Can Redshirts save Patani?-Bangkok Post

May 5, 2012


South may stay the loneliest planet of all

Kong Rithdee

Bangkok Post: May 5, 2012


It is better late, proverbially speaking, than never. Nine months after she won the election to become prime minister, Yingluck Shinawatra last Sunday visited the deep South for the first time since she took office. Surrounding her at a Pattani barracks – for the well-dressed dignitaries wouldn’t be so foolhardy as to step out of the fenced quarters – were high-profile ministers and generals. The visit was on April 29, a day after the 8th anniversary of the harrowing siege of the Krue Se mosque, on April 28, 2004, in which soldiers killed 108 people and left dozens more widowed and orphaned in multiple places including Saba Yoi district in Songkhla and Krong Penang district in Pattani. At Krue Se alone, 32 people were killed.

The Krue Se incident – in certain circles, that’s a euphemism for a massacre – began at dawn when Muslim trouble-makers armed with knives attacked police checkpoints in Yala, Pattani and Songkhla. The military responded Hollywood-style, building up to a tense crisis that ended with the soldiers shelling the 200-year-old mosque where the agitators had holed up. Terrorists or not, the men weren’t saved by religious sensitivity or architectural heritage. Five officers were also killed. For the first time, even from the newspapers, we felt what it must be like to live in the Palestinian territories.

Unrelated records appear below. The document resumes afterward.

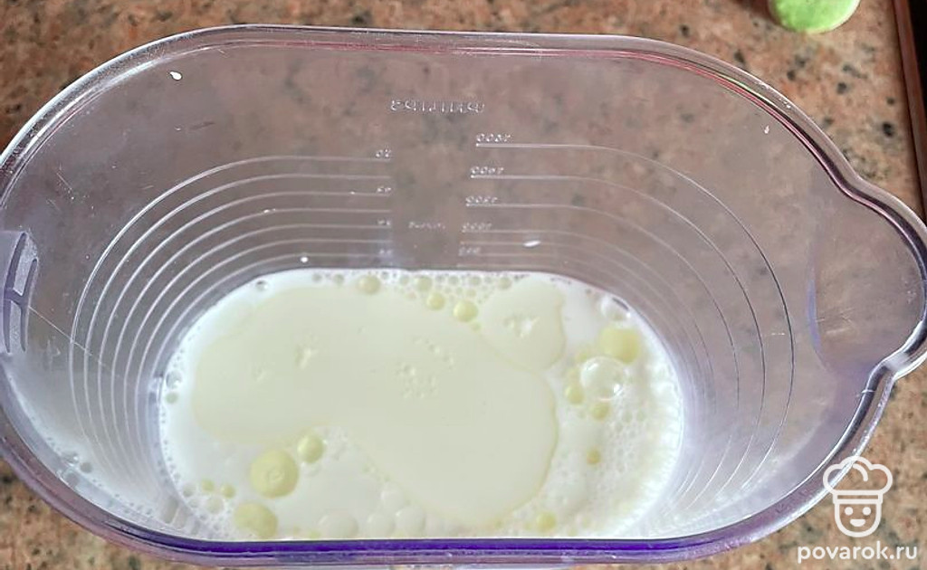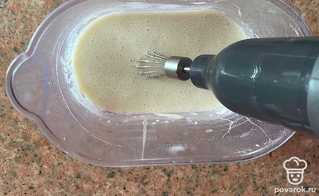 Всыпаем муку, соль, сахар, растительное масло. Все тщательно взбиваем. Тесто должно получится достаточно жидким.
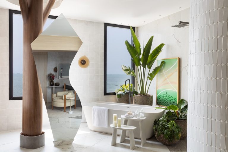 Na Riviera de São Lourenço, litoral paulista, casa foi pensada para receber a família com uma atmosfera convidativa e confortável A casa de praia de 265m² possui tons amadeirados, beges, off white, azuis e verdes, passando uma energia rústica e natural que combina com a sua localização, a praia de Riviera, Litoral Paulista. A família, composta pela mãe, pai e seus filhos gêmeos, queria um espaço que fosse prático e confortável, perfeito para receber amigos e familiares, e a arquiteta Sabrina Salles atendeu esses pedidos com maestria. Na área social, a arquiteta trouxe um espaço amplo e integrado, com a praticidade tão desejada pelo casal, com grandes sofás e mesas para refeições. A unificação de living e cozinha facilita a interação, mesmo quando os anfitriões estão preparando um jantar e os convidados estão na sala. A cozinha, projetada em mármore e tons mais sóbrios, tem uma linda vista para as plantas e para a piscina da casa. O projeto harmoniza a natureza com a praticidade garantida pelos equipamentos modernos. O projeto esbanjou paineis de madeira mais claros, que além de passarem uma sensação mais iluminada para o ambiente, transformam o living sem fugir da proposta praiana. Na suíte master, a
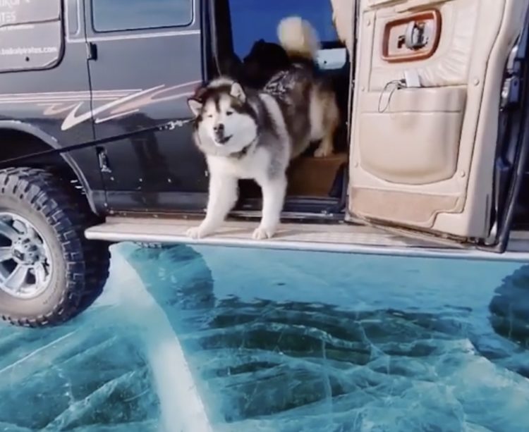 犬「氷?割れちゃうでしょ!」凍った世界一の湖、だけど水にしか見えなくて…
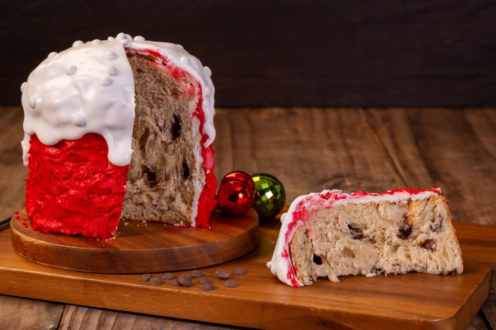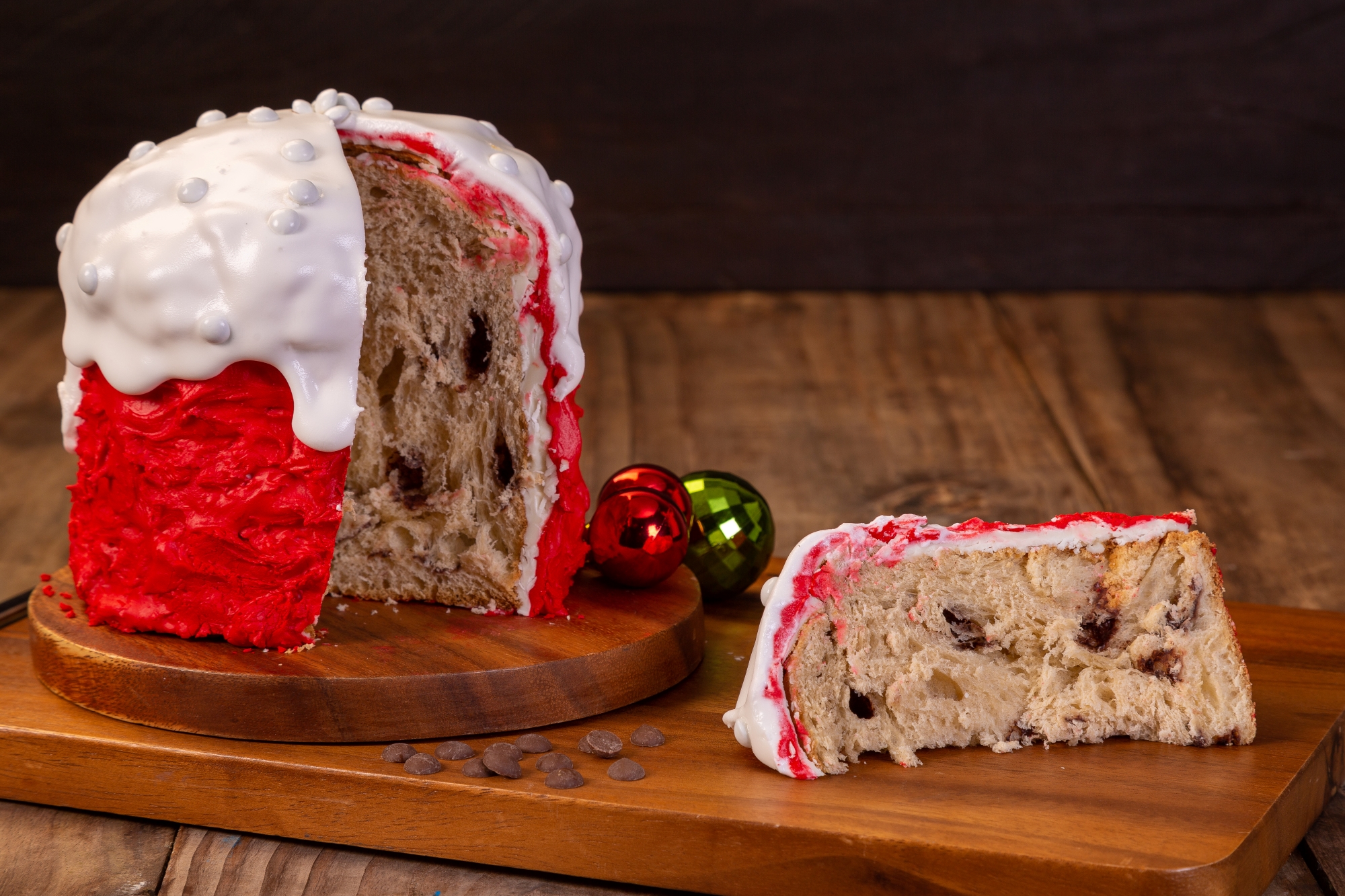 Em um recipiente, coloque o Pó para Glacê Real e a água aos poucos, misture bem e bata muito bem na batedeira com o batedor raquete. Em seguida, divida em dois recipientes, em um deles acrescente o corante em gel vermelho e misture até ficar na cor desejada. Espalhe o Glacê tingido de vermelho no chocotone, espere secar um pouco, em seguida, passe o Glacê Branco até a metade. Em seguida, cole os Chocogiros Branco.
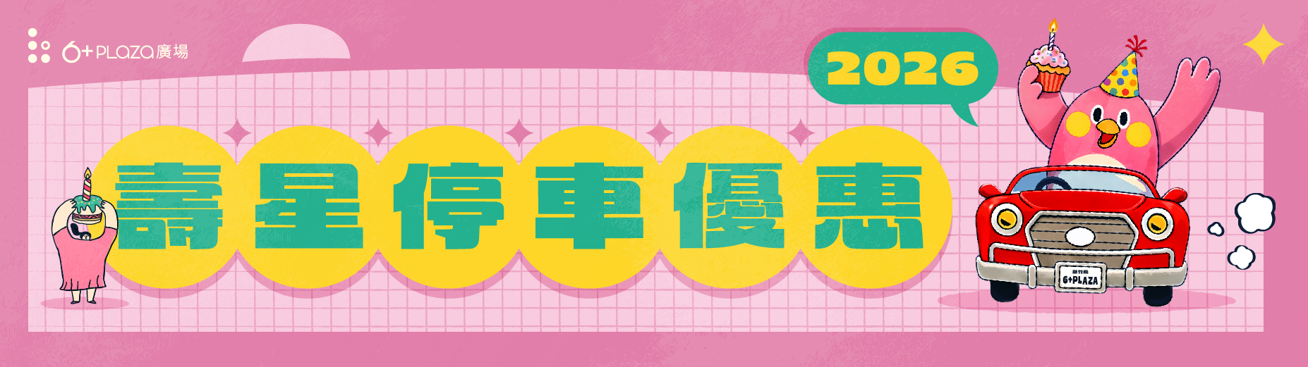 活動內容:每月當月壽星憑身分證及當日6+PLAZA開立發票即可至6+PLAZA 1F服務台兌換2小時免費停車折抵券

What happened at Krue Se eight Aprils ago remains one of the worst episodes of state-committed violence in our modern history. Worse, if we allow the vice of faceless statistics, than the killings of 91 protesters at Ratchaprasong in 2010 by “unknown” parties. Worse, because at Krue Se, we know who was fighting who, and who killed who. Investigations long concluded that the military over-reacted, but no charges were pressed.

The last time I went to Krue Se mosque was almost two years ago. The muezzin still called out, and the prayers continued as usual. One local pointed to me the pockmarked holes left by bullets on its wood and brick walls. The way he did that told me there were other scars lodged in his chest, for the most brutal wounds are always the invisible ones. Like Barcelona’s Sagrada Familia cathedral, the Krue Se mosque of Pattani is perpetually unfinished, perched between accidental minimalism and sad uncertainty. It stands as a forlorn testament to the doubt and broken peace that have plagued the restive region, especially of late. Actually, a spate of violence killing soldiers and civilians greeted the 8th anniversary of the Krue Se incident last week before the PM’s visit.

The last time Ms Yingluck went to the deep South was to campaign for the July 2011 election, when the muslimah there threw a red hijab over her head. Still, the Pheu Thai Party didn’t win a single seat in the three southernmost provinces. The official purpose of last Sunday’s visit was largely economic-related. She didn’t visit Krue Se (according to Isra news reports, she didn’t leave the barracks at all), though the PM did arrange to meet a woman widowed by the 2004 clash, who thanked her for the 7.5 million baht in compensation but also wondered if the procedure to get it would be free of double standards and other intrigues. She and other victims have waited eight years not just for reparations, but also for some clarity – some kind of justice or closure, maybe – and it seems even after the cash has been paid she still has to wait some more.

Deputy Agriculture Minister Nattawut Saikuar was in the PM’s entourage. His main concern was the price of rubber, for that’s how the southern man can begin to woo southern voters. But I also have other hopes for him: this is the man who has vociferously spoken out against structural injustice and officially sanctioned violence. This is the man who disdains the military. This is the man who has expressed a strong, sincere wish to find some clarity, some closure, or some form of justice, for the killings of 91 people at Ratchaprasong – that must be done, the quicker the better – and I hoped with all my heart he would feel the same about southerners’ plight. It’s surprising in fact, that Mr Nattawut hardly ever includes the South in his impassioned speeches on equality and social justice, despite the glaring, continuing, worsening situation down there.

And if Mr Nattawut’s chum, Jatuporn Prompan, becomes the deputy interior minister as rumour has it, we should expect the same from him, for he will then have the power to institute the rule of justice – or at least a semblance of it – that he always campaigned for during the red shirt protests. Unless he didn’t mean it to include the South. Unless the South starts voting for his party first. Unless his justice has a geographical jurisdiction, in which case the deep South will remain the loneliest planet of all.



Kong Rithdee writes about movies and popular culture for the Bangkok Post.